#### DATASET EXTRACT
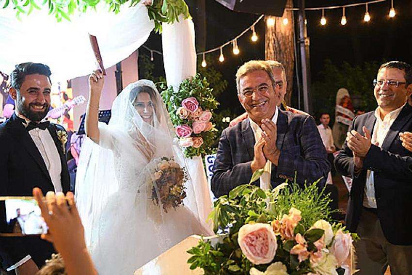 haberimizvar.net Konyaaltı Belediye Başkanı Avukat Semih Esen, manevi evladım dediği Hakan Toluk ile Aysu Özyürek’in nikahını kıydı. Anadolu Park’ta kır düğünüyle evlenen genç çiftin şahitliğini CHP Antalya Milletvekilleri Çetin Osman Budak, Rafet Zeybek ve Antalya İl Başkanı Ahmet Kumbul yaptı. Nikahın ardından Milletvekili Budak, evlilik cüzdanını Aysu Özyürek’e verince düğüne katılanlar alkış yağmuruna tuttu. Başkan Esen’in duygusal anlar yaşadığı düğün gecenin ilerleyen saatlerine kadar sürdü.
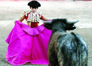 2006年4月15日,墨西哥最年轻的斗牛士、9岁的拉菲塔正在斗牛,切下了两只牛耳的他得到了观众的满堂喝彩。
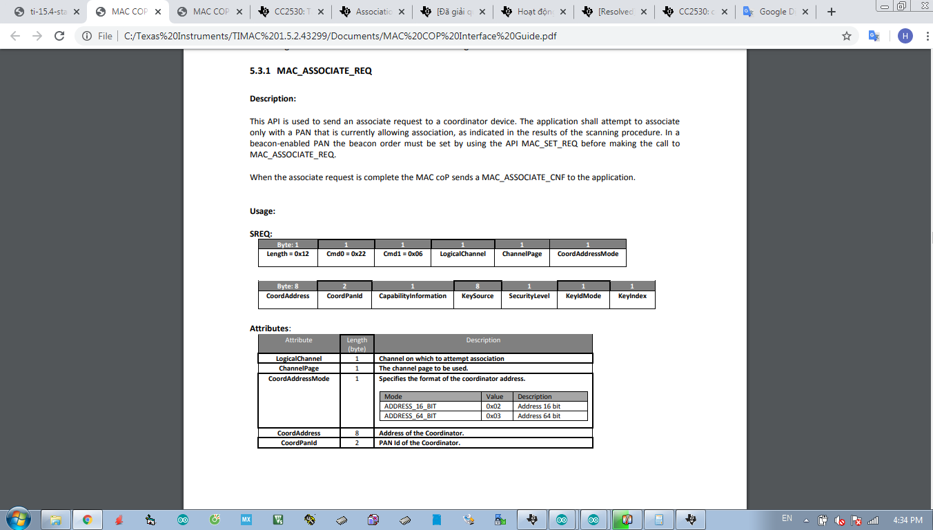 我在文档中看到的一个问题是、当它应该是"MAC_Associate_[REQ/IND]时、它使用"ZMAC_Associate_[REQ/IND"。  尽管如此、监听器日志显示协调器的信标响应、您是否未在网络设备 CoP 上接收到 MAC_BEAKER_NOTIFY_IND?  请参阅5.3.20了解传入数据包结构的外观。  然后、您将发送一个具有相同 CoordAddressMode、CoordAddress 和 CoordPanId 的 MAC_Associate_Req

#### TASK BRIEF
Would you return the data above exactly as written, minus the images?

#### SOLUTION FOR THIS TASK
 haberimizvar.net Konyaaltı Belediye Başkanı Avukat Semih Esen, manevi evladım dediği Hakan Toluk ile Aysu Özyürek’in nikahını kıydı. Anadolu Park’ta kır düğünüyle evlenen genç çiftin şahitliğini CHP Antalya Milletvekilleri Çetin Osman Budak, Rafet Zeybek ve Antalya İl Başkanı Ahmet Kumbul yaptı. Nikahın ardından Milletvekili Budak, evlilik cüzdanını Aysu Özyürek’e verince düğüne katılanlar alkış yağmuruna tuttu. Başkan Esen’in duygusal anlar yaşadığı düğün gecenin ilerleyen saatlerine kadar sürdü.
 2006年4月15日,墨西哥最年轻的斗牛士、9岁的拉菲塔正在斗牛,切下了两只牛耳的他得到了观众的满堂喝彩。
 我在文档中看到的一个问题是、当它应该是"MAC_Associate_[REQ/IND]时、它使用"ZMAC_Associate_[REQ/IND"。  尽管如此、监听器日志显示协调器的信标响应、您是否未在网络设备 CoP 上接收到 MAC_BEAKER_NOTIFY_IND?  请参阅5.3.20了解传入数据包结构的外观。  然后、您将发送一个具有相同 CoordAddressMode、CoordAddress 和 CoordPanId 的 MAC_Associate_Req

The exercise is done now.